What the task asks
Copy exactly and only the lines running from the one that contains "Calender Month |" to the final line of the data below, without the pictures.

Data section
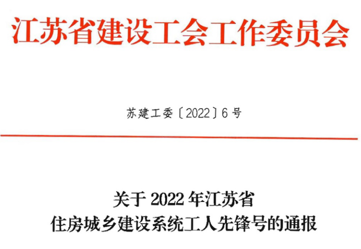 近日,江蘇省建設(shè)工會(huì)工作委員會(huì)發(fā)布了《關(guān)于2022年江蘇省住房城鄉(xiāng)建設(shè)系統(tǒng)工人先鋒號(hào)的通報(bào)》,表彰了一批以“一流工作、一流服務(wù)、一流業(yè)績(jī)”為主要內(nèi)容的工人先鋒號(hào)...
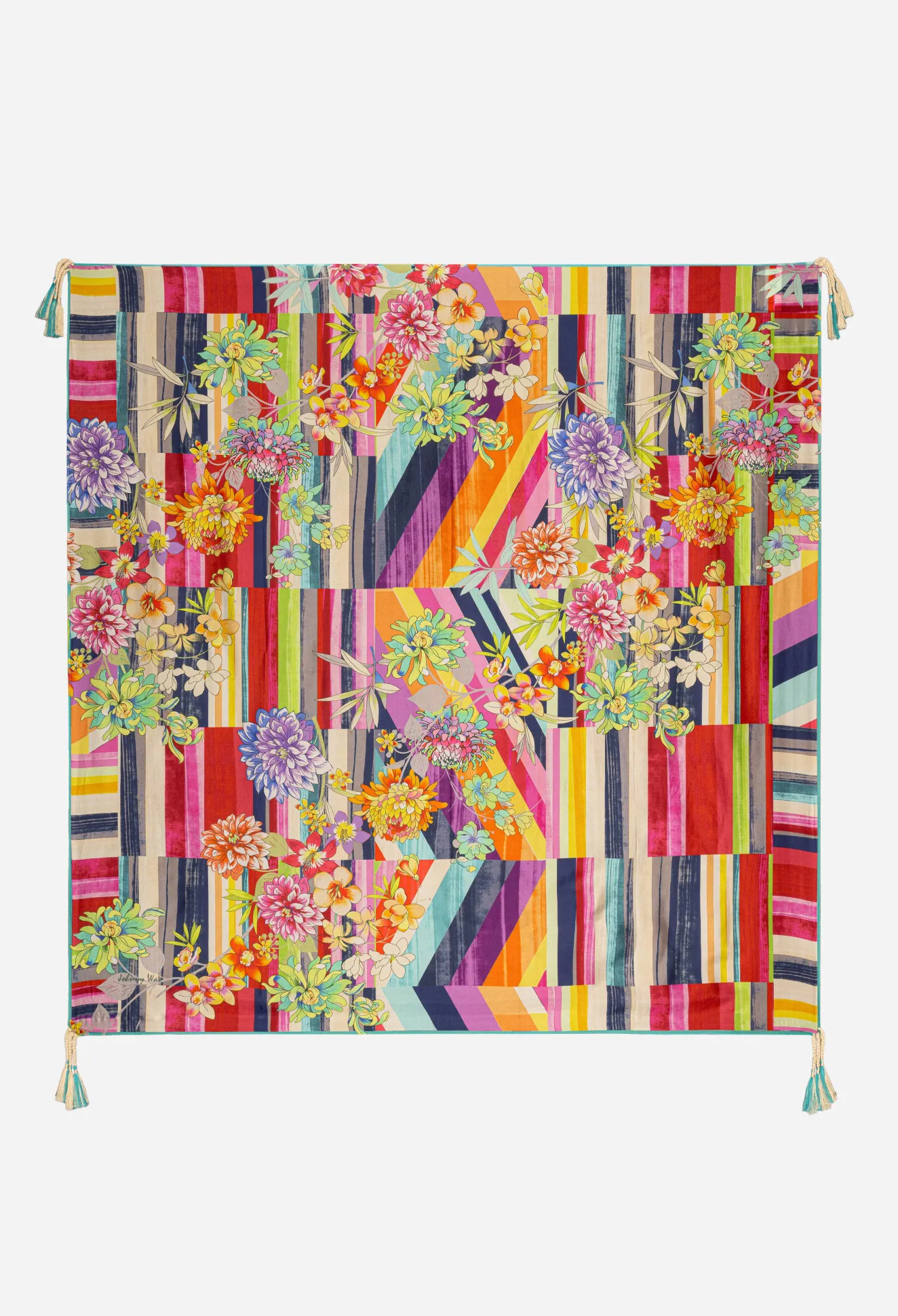 Bold Geometric Patterns Complemented By Soft Floral Flourishes Make The Summer Stripe Scarf A Timeless, Romantic Piece T…
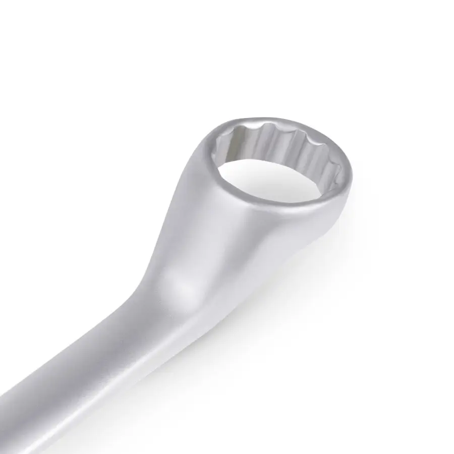 Накидной ключ – это рукоять и зажимная часть, которая охватывает весь периметр гайки. Он более удобен в эксплуатации и надежнее фиксирует крепеж, чем рожковый. Применяется для работ с высоконагруженными резьбовыми соединениями. Изогнутая на 75° коленчатая рабочая часть облегчает доступ в труднодоступные места. Кольцевые ключи имеют 12 граней. 12-тигранный ключ более распространен в использовании (поворот на 30 градусов). Из-за большого пятна контакта вероятность деформации углов сведена к нулю. Ключи изготавливаются из легированной хромованадиевой стали по стандарту DIN 838, в соответствии с ГОСТ 2906-80.
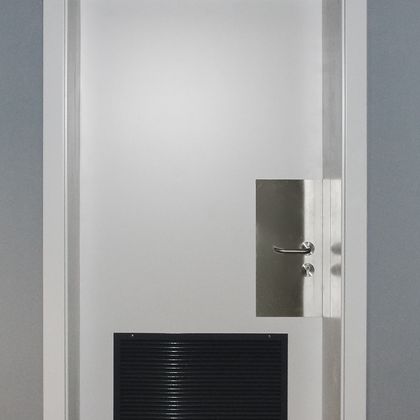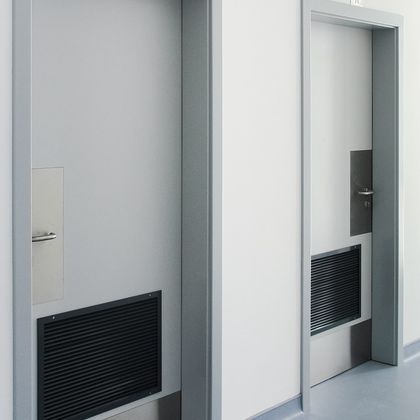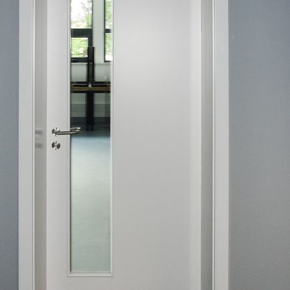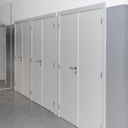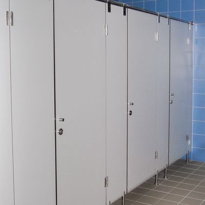 Ecole avec séparations bordées de placage de bois et douche en phénoliques
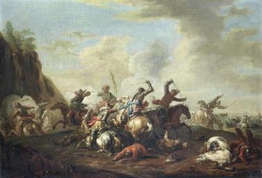| Keywords: August Querfurt - Ein Reitergefecht.jpg Artwork Creator August Querfurt oil canvas cm 51 5 74 accession number object history The Collection of Leg Rot Dr Krippl- Redlich according to a label on the reverse credit line https //www bonhams com/auctions/20611/lot/141/ Bonhams 2013 04 10 lot 141 PD-old-100 August Querfurt 18th-century paintings of cavalry in battle Baroque paintings of war Images from Bonhams | ||||
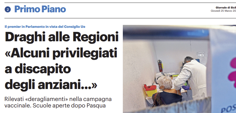 L’edizione odierna del “Giornale di Sicilia” si sofferma sulle parole del premier Draghi, che nutrono l’intento di porre fine ai deragliamenti che hanno coinvolto le Regioni nella campagna vaccinale.
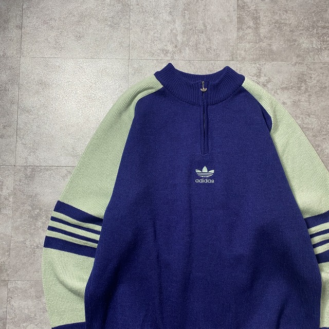 90's adidas アディダス トレフォイル センター刺繍 ハーフジップ アクリルニット セーター
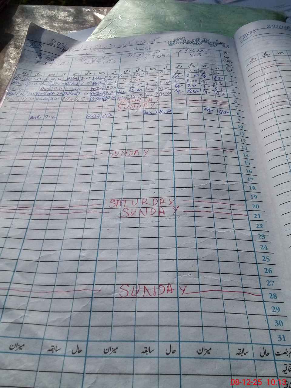 | CNIC | Full Name | Designation | R/C | Absence During Last Calender Month |
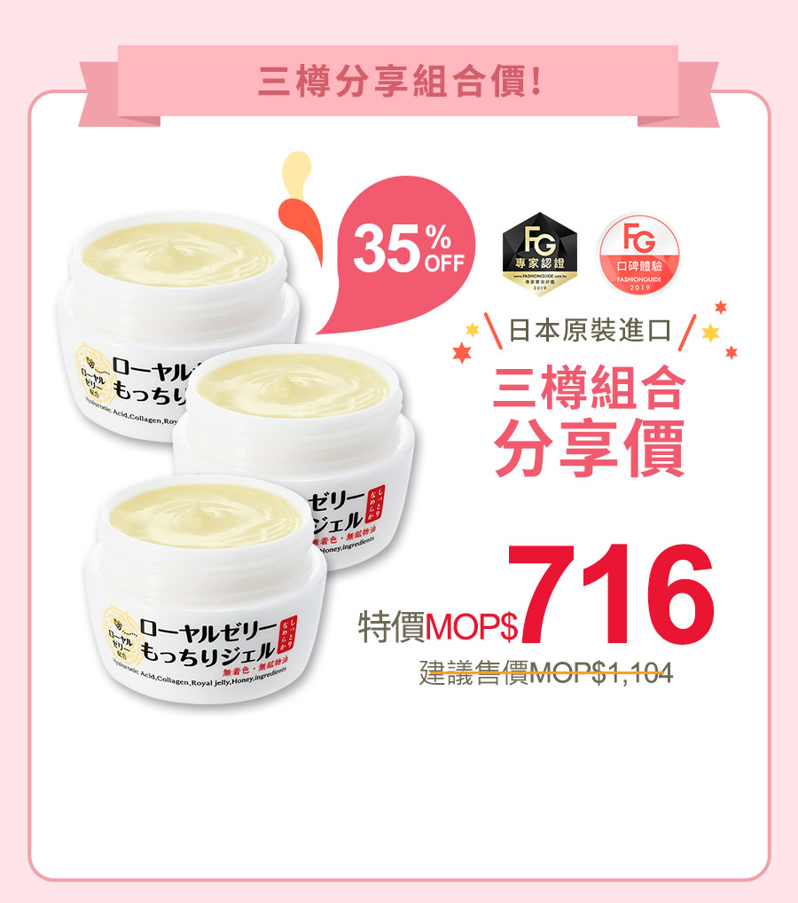 👉三大成分「蜂王乳 X 玻尿酸 X 膠原蛋白」一抹打造Q彈滋潤美肌
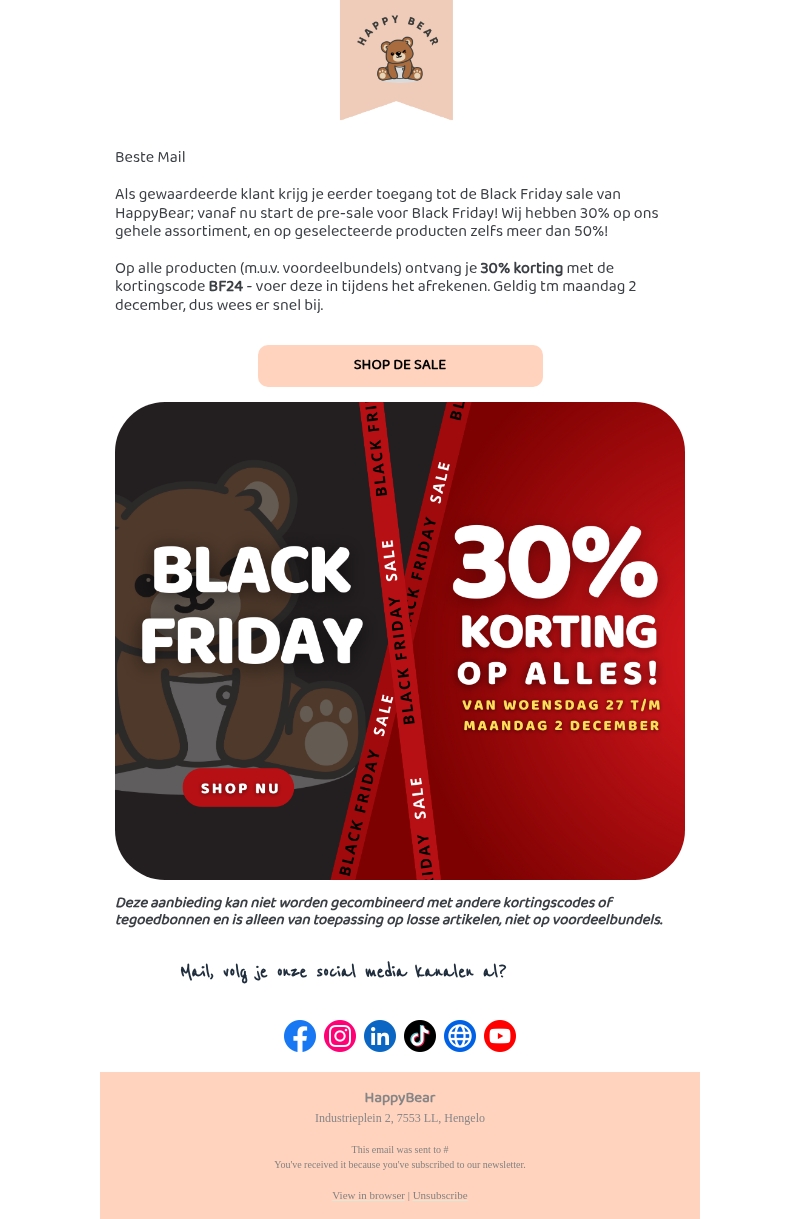 Ontvang exclusieve toegang tot de Black Friday sale van HappyBear! Vanaf nu krijg je 30% korting op het hele assortiment, met zelfs meer dan 50% korting op geselecteerde producten. Gebruik de kortingscode BF24 bij het afrekenen. Deze actie loopt van woensdag 27 november tot en met maandag 2 december. Zorg dat je erbij bent!

Result of this task
 | CNIC | Full Name | Designation | R/C | Absence During Last Calender Month |
 👉三大成分「蜂王乳 X 玻尿酸 X 膠原蛋白」一抹打造Q彈滋潤美肌
 Ontvang exclusieve toegang tot de Black Friday sale van HappyBear! Vanaf nu krijg je 30% korting op het hele assortiment, met zelfs meer dan 50% korting op geselecteerde producten. Gebruik de kortingscode BF24 bij het afrekenen. Deze actie loopt van woensdag 27 november tot en met maandag 2 december. Zorg dat je erbij bent!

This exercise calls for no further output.